#### [ABOUT THIS EXERCISE]
Your copy of the entries below should hold exactly the lines from the one containing "蔡伟老师在活动前召开2019" to the one containing "-girocollo rifinito con", inclusive, and no pictures.

#### [DATASET EXTRACT]
────
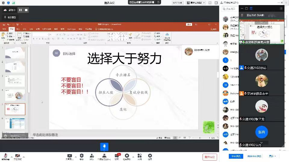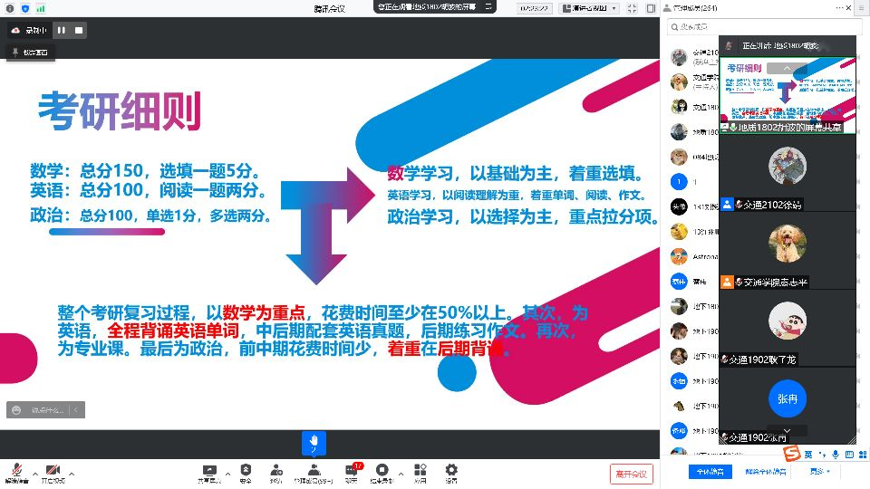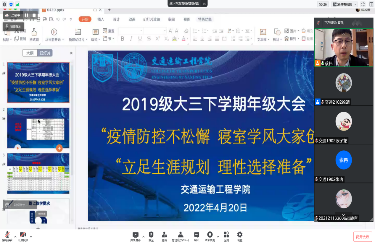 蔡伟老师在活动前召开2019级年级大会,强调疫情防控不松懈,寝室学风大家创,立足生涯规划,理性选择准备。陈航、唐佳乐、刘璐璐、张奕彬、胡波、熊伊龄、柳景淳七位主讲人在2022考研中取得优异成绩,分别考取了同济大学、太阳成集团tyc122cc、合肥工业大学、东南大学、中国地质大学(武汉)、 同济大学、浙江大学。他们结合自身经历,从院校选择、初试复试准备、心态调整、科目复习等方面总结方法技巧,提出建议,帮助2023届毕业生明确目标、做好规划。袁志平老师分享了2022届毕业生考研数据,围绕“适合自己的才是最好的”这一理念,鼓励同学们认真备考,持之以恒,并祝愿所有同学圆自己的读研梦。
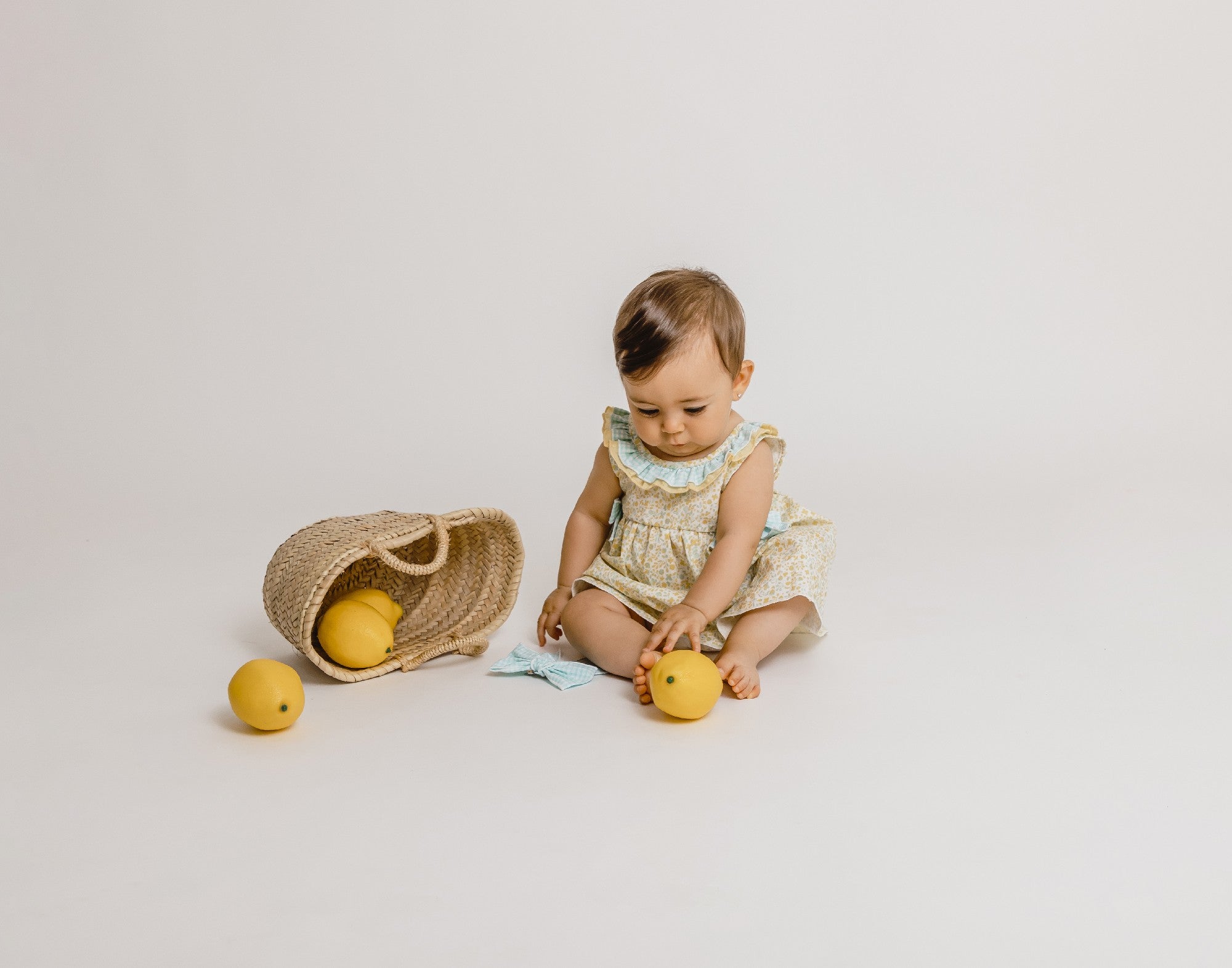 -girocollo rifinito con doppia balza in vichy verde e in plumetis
────
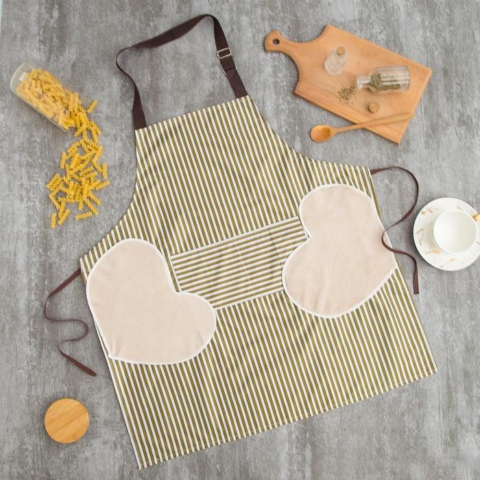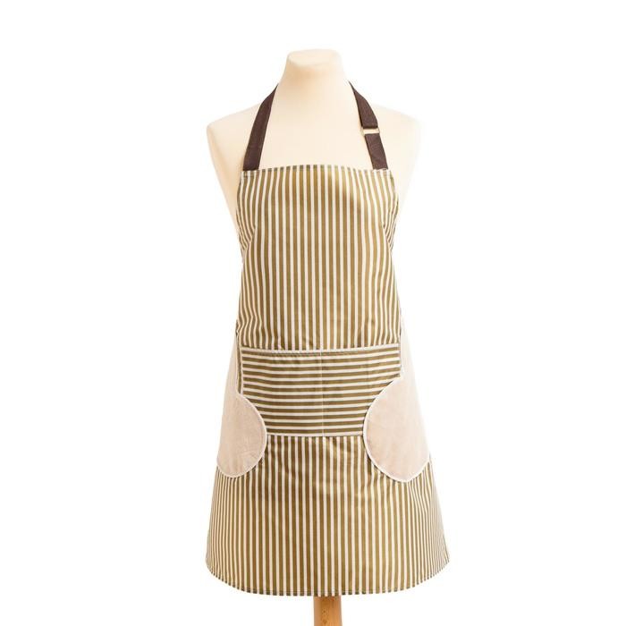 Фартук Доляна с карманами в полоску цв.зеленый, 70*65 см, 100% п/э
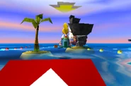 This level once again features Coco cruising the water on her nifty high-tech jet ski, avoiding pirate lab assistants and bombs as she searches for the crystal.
────
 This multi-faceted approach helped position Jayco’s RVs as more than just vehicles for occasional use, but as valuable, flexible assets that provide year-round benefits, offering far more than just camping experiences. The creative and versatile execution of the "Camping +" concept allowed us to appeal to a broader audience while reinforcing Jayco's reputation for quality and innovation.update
────
#### [YOUR RESPONSE]
 蔡伟老师在活动前召开2019级年级大会,强调疫情防控不松懈,寝室学风大家创,立足生涯规划,理性选择准备。陈航、唐佳乐、刘璐璐、张奕彬、胡波、熊伊龄、柳景淳七位主讲人在2022考研中取得优异成绩,分别考取了同济大学、太阳成集团tyc122cc、合肥工业大学、东南大学、中国地质大学(武汉)、 同济大学、浙江大学。他们结合自身经历,从院校选择、初试复试准备、心态调整、科目复习等方面总结方法技巧,提出建议,帮助2023届毕业生明确目标、做好规划。袁志平老师分享了2022届毕业生考研数据,围绕“适合自己的才是最好的”这一理念,鼓励同学们认真备考,持之以恒,并祝愿所有同学圆自己的读研梦。
 -girocollo rifinito con doppia balza in vichy verde e in plumetis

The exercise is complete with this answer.